## Instructions for the task
Where the material below has a line containing "- Sun-kissed Balayage", start repeating exactly, and keep going through the line containing "中交二航局仙新路过江通道A5", with no other lines.

═══ Data for review ═══

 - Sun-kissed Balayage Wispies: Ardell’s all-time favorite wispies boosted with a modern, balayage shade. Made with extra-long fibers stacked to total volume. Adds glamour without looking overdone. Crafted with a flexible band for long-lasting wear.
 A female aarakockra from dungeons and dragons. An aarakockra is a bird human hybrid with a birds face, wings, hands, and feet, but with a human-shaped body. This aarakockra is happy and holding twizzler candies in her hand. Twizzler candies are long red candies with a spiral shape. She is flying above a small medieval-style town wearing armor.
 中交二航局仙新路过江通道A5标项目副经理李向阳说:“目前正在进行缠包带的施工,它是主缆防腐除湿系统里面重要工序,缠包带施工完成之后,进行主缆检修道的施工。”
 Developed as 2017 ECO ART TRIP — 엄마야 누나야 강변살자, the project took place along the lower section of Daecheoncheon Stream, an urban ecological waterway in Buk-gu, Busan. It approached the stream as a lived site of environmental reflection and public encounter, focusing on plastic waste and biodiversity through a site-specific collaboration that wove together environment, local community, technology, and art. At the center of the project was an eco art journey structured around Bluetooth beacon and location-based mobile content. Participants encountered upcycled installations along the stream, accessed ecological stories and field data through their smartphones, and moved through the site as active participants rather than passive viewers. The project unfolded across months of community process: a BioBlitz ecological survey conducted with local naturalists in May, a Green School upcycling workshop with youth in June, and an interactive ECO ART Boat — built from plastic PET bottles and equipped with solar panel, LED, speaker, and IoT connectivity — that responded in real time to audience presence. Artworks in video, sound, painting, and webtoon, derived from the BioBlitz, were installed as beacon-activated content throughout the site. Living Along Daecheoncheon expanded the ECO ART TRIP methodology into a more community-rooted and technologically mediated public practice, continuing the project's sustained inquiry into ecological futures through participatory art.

═══
═══ Data for review ═══

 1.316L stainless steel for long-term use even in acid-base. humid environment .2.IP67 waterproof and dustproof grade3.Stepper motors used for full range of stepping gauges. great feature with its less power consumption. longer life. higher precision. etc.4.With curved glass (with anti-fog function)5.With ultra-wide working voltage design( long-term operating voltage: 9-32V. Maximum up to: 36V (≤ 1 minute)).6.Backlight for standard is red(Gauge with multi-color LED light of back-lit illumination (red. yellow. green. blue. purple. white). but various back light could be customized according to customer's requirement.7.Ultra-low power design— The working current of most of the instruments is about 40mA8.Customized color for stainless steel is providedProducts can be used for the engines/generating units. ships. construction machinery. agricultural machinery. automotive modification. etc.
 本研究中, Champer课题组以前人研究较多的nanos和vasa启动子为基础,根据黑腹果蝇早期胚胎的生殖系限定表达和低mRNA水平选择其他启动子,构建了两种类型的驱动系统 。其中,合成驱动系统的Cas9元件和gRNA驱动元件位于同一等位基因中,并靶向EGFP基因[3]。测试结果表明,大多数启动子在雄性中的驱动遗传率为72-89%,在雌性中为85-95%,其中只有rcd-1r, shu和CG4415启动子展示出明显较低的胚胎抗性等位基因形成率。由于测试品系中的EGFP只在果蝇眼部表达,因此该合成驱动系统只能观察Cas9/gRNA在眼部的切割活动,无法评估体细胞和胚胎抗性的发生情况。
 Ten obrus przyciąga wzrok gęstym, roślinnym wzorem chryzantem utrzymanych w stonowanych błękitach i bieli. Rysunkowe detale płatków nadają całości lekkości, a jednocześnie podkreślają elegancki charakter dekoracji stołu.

═══
═══ Data for review ═══

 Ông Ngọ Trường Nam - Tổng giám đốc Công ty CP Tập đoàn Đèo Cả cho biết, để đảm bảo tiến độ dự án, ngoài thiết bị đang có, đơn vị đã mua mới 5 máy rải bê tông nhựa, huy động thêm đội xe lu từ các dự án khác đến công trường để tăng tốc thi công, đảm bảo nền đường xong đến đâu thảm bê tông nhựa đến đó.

═══

## Exercise result
 - Sun-kissed Balayage Wispies: Ardell’s all-time favorite wispies boosted with a modern, balayage shade. Made with extra-long fibers stacked to total volume. Adds glamour without looking overdone. Crafted with a flexible band for long-lasting wear.
 A female aarakockra from dungeons and dragons. An aarakockra is a bird human hybrid with a birds face, wings, hands, and feet, but with a human-shaped body. This aarakockra is happy and holding twizzler candies in her hand. Twizzler candies are long red candies with a spiral shape. She is flying above a small medieval-style town wearing armor.
 中交二航局仙新路过江通道A5标项目副经理李向阳说:“目前正在进行缠包带的施工,它是主缆防腐除湿系统里面重要工序,缠包带施工完成之后,进行主缆检修道的施工。”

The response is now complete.